A recuperação nestas regiões é lenta. As épocas de crescimento curtas e as condições mais duras dificultam a sobrevivência das plântulas.

Os padrões de propriedade também contam

A maior parte das necessidades de reflorestação recai sobre terrenos privados e sobre áreas geridas pelo Serviço Florestal dos EUA.

As propriedades privadas de caráter industrial ardem frequentemente com maior intensidade. Uma razão é que, após a replantação, se formam plantações densas. Esses povoamentos podem tornar-se altamente inflamáveis.

Em parcelas privadas mais pequenas, a recuperação tende a depender do processo natural. Muitas dessas áreas nunca chegam a ser replantadas.

Perda florestal e recuperação

Os esforços de reflorestação estão a ficar para trás. Em terrenos do Serviço Florestal, apenas uma pequena percentagem das áreas ardidas é replantada dentro do período necessário.

A distância entre a perda de floresta e a recuperação continua a aumentar. Esta dinâmica traduz-se numa diminuição constante da cobertura florestal total. Atualmente, centenas de milhares de hectares necessitam de reflorestação.

Vários obstáculos limitam a capacidade de reflorestar. O financiamento tem vindo a cair ao longo de décadas. Os viveiros de árvores e as reservas de sementes também encolheram.

Entretanto, a escala dos danos causados pelo fogo aumentou. Este desajuste torna mais difícil sustentar esforços de recuperação.

Mesmo planos de longo prazo levariam décadas a recuperar o atraso, e isso assumindo que os danos provocados pelos incêndios deixam de crescer.

Choques recentes com incêndios

As épocas de incêndios de 2020 e 2021 destacam-se. Esses anos geraram necessidades de reflorestação de grande dimensão.

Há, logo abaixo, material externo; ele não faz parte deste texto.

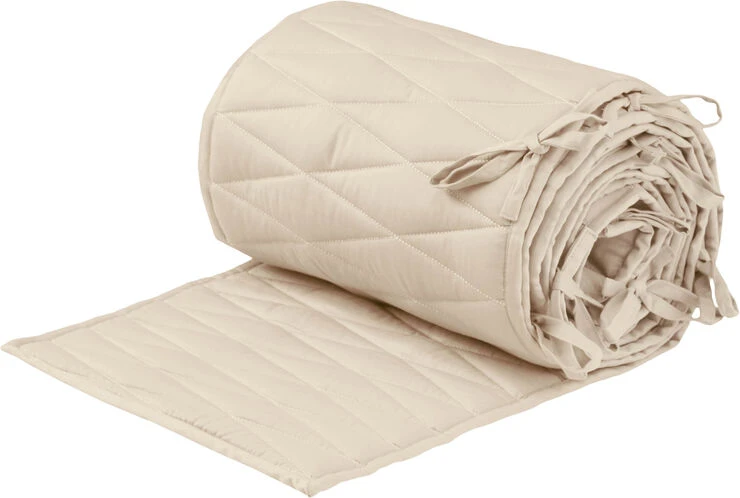 Blød, økologisk sengerand med blødt fyld indeni der skaber komfort, ro og tryghed for dit sovende barn. Sengeranden kommer i tre fine farver, med Cam Cam signatur ""Harlequin"" broderi navnet Harlequin refererer til det ikoniske rombeformede mønster, kendt og elsket fra den klassiske Pierrot La Lune ballet. Den kan overlappe, hvis den er lidt for lang. Montering Bind båndene på ydersiden af sengen og justér til. Klip overskydende bånd af, af sikkerhedsmæssige grunde. Bruger du ikke bindebåndene i bunden, skal disse klippes helt af, så baby ikke kan komme i kontakt med dem.

Incêndios de grande escala atravessaram várias regiões. Eram zonas já fragilizadas pela seca e por décadas de supressão do fogo.

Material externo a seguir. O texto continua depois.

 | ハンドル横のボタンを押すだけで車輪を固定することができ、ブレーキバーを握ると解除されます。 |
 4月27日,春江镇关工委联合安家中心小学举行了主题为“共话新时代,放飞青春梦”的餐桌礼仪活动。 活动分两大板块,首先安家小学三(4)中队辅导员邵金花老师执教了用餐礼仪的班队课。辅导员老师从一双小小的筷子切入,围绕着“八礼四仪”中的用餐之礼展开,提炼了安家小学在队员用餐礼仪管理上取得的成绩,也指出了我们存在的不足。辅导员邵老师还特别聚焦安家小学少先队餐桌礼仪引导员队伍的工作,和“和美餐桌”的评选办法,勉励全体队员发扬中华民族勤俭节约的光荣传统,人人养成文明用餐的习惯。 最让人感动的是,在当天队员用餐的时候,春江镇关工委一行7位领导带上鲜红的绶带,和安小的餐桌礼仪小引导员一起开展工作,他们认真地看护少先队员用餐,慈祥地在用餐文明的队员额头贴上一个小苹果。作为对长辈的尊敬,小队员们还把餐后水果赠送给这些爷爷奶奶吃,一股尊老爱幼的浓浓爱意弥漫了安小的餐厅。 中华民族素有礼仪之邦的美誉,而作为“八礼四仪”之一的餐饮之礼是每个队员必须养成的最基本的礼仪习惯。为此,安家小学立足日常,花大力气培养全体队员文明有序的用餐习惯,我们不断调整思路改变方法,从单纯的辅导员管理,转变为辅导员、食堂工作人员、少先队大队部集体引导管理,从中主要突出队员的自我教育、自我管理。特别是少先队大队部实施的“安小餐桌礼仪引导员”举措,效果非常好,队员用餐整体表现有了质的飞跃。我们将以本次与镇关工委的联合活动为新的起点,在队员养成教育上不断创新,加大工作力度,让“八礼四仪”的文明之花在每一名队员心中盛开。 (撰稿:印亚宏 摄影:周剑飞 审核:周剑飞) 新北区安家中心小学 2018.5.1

A dimensão dos danos nesses anos ultrapassou a capacidade do sistema.

Plantar mais árvores, por si só, não resolverá o problema. Os investigadores defendem uma estratégia mais direcionada.

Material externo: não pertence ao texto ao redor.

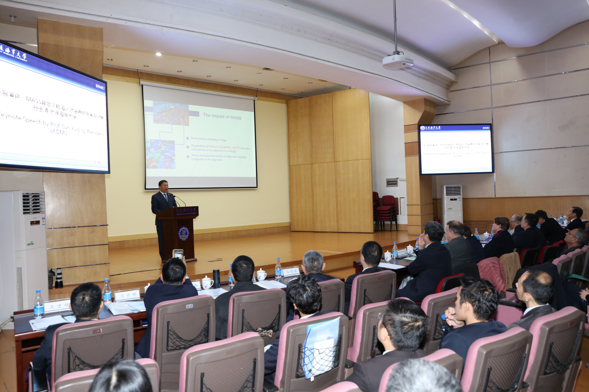 在会议的主旨演讲部分,beat365官方网站校长孙玉清进行了题为“MASS(Maritime Autonomous Surface Ships,简称MASS)背景下航海人才培养的思考与对策”的主旨演讲。阐述了国内航海类高校面对自主船舶新形势的思考,并提出了对于航海类人才培养改革和中国航海教育发展的建议。
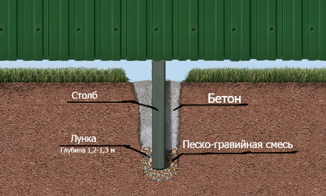 - С бетонными столбами
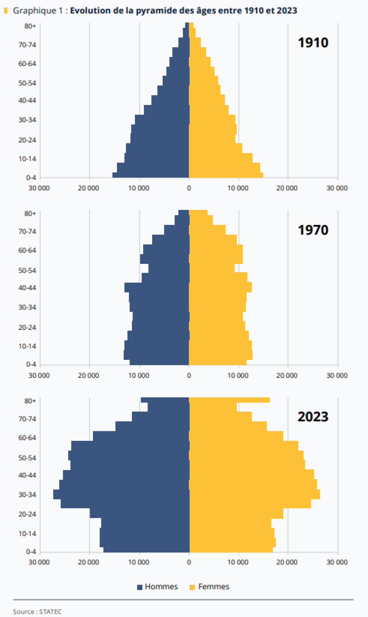 Ce vieillissement de la population saute aux yeux avec les graphiques ci-dessous. En 1910, la pyramide des âges luxembourgeoise méritait encore son nom. En 2023, cette pyramide prend des proportions inégales, enflant notamment en son centre et à son sommet. Or, ce déséquilibre démographique va poser de nombreux défis, à commencer par celui du financement des pensions.

Os esforços devem concentrar-se em áreas onde as condições favorecem o crescimento. A plantação deve acompanhar padrões naturais, em vez de seguir grelhas rígidas.

Também a escolha das árvores é determinante. As espécies e as características genéticas devem adequar-se às condições climáticas futuras, e não às do passado.

O papel das folhosas

As folhosas poderão ter maior peso nas florestas do futuro. Estas árvores conseguem rebrotar após incêndios com mais facilidade do que as coníferas.

Em altitudes mais baixas, as condições podem passar a favorecer folhosas em detrimento das coníferas tradicionais. Aceitar esta transição poderá aumentar a resiliência a longo prazo.

Florestas mistas poderão ser um caminho mais realista do que tentar repor condições antigas.

As florestas entram numa nova era

As florestas da Califórnia estão a entrar numa fase diferente. O fogo, o clima e a ação humana estão a remodelá-las a um ritmo acelerado.

“A Califórnia tem muito mais perda florestal causada por incêndios do que as pessoas imaginam”, disse Safford.

“É elevada mesmo por padrões internacionais. Está a acontecer mais em áreas de alta altitude, sensíveis ao clima, que protegem as nossas bacias hidrográficas, e quase nada está a ser feito a esse respeito.

“Se não forem tomadas ações proporcionais em breve, vamos perder enormes áreas de floresta de coníferas e os serviços dos ecossistemas que essas florestas fornecem.”

As ferramentas para medir estas mudanças já existem. O desafio está em transformar esse conhecimento em ação. As decisões tomadas na próxima década irão definir no que se tornarão as florestas da Califórnia.